The release of JDK 21 brought into general availability a much-publicized new function, Java Virtual Threads. This feature marks a significant leap forward in how Java developers can better handle parallelism in their applications. Some of the aims of Java Virtual Threads include:
- lightweight, scalable, and user-friendly concurrency model
- efficient utilization of system resources
- "dramatically reduce the effort of writing, maintaining, and observing high-throughput concurrent applications" (JEP425)
Virtual threads have sparked great interest in the Java developer community, which includes application frameworks, such as Open Liberty, an open-source, modular, cloud-native Java application runtime. As members of the Liberty performance engineering team, we evaluated if this new Java capability could be of benefit to our users, or even potentially replace the current thread pool logic used in the Liberty application runtime itself. At the very least, we wanted to better understand the virtual thread technology and how it performs, so that we could provide informed guidance to Liberty users.
This article reports our findings. It includes:
- An overview of the Java Virtual Thread implementation.
- An overview of the current Liberty thread pool technology.
- Our evaluation across some performance metrics, including some unexpected observations.
- A summary of our findings.
Java Virtual Threads
Virtual threads were first introduced in JDK 19, enhanced in JDK 20, and finalized in JDK 21 (as described in JDK Enhancement Proposal (JEP) 444).
Historically, Java developers implemented applications using the "thread-per-request" model, where each request is handled by a dedicated thread for the duration of its lifecycle. These threads (referred to as platform threads) are implemented as wrappers around an operating system thread (OS thread). However, OS threads use a lot of system memory and are scheduled by the OS layer, and this can lead to scaling issues as more and more of them are deployed.
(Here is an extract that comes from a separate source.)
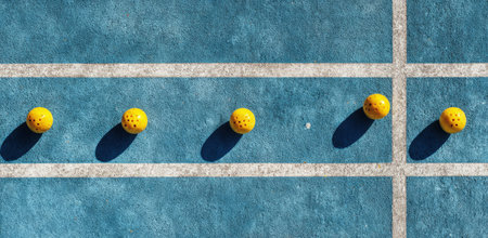Aerial view of a blue paddle court with yellow balls positioned in a row, highlighting the contrast of colors and textures, creating an engaging sports atmosphere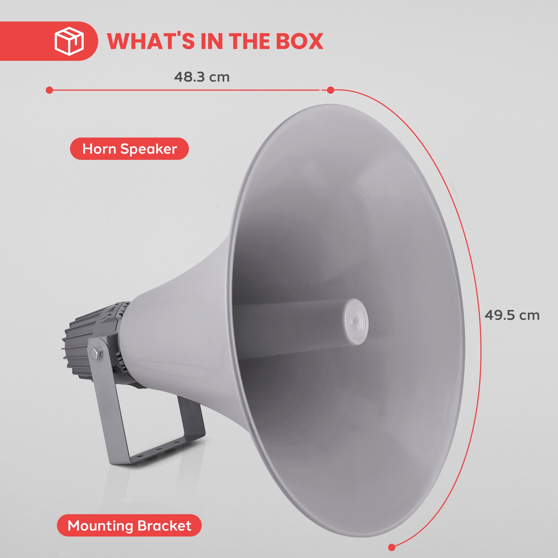 Ce haut-parleur corne de 19,5 pouces pour intérieur/extérieur est idéal pour votre système audio 70 V ou 100 V. Parfait pour les systèmes de sonorisation extérieurs lorsque vous avez besoin que votre son soit entendu de loin. Ce haut-parleur de 100 watts comprend des transformateurs 70 V et 100 V avec prises à 100, 50, 25 et 12,5 watts. Comprend un support de montage et la quincaillerie pour une installation facile. Faites entendre votre voix avec le PHSP20. Couleur : gris.

One of the key motivators for virtual threads is to preserve the simplicity of the thread-per-request model while avoiding the high cost of dedicated OS threads. Virtual threads minimize this issue by initially creating each thread as a lightweight object on the Java heap, and only using OS threads when needed. This "sharing" of OS threads provides a better utilization of system resources. In theory, this is an advantage for virtual threads: developers can now effectively use "millions of threads" in a single JVM.
The following diagram shows the many-to-one relationship between Java virtual threads and OS threads, which are then scheduled to be run at the CPU level.
Open Liberty’s autonomic thread pool
Open Liberty’s shared thread pool approach also minimizes the high cost of dedicated OS threads. Liberty uses shared threads (referred to as the "Liberty thread pool") to perform application business logic functions and separate threads for I/O functions. Additionally, the Liberty thread pool is adaptive and is sized autonomically (as described in this post). For most use cases, there is no need for additional tuning, though the minimum and maximum pool sizes can optionally be configured.
Unlike a web server (such as the Helidon Web Server, implemented using virtual threads), an application runtime like Liberty isn’t just establishing an I/O connection that then sits idle for long periods. The applications that run on Liberty generally perform some noticeable amount of business logic, which requires CPU resources. A Liberty deployment does not typically use thousands or millions of threads because CPU resources are fully consumed by a few hundred threads (or less), especially in containers or pods which have allocations of just a few, or even fractions of, CPUs.
Performance Tests
We focused our evaluation primarily on use cases and configurations commonly used by Liberty customers. We used our existing benchmark applications to compare the relative performance of Liberty’s thread pool and virtual threads. These benchmark applications use REST and MicroProfile and perform some basic business logic during the transaction.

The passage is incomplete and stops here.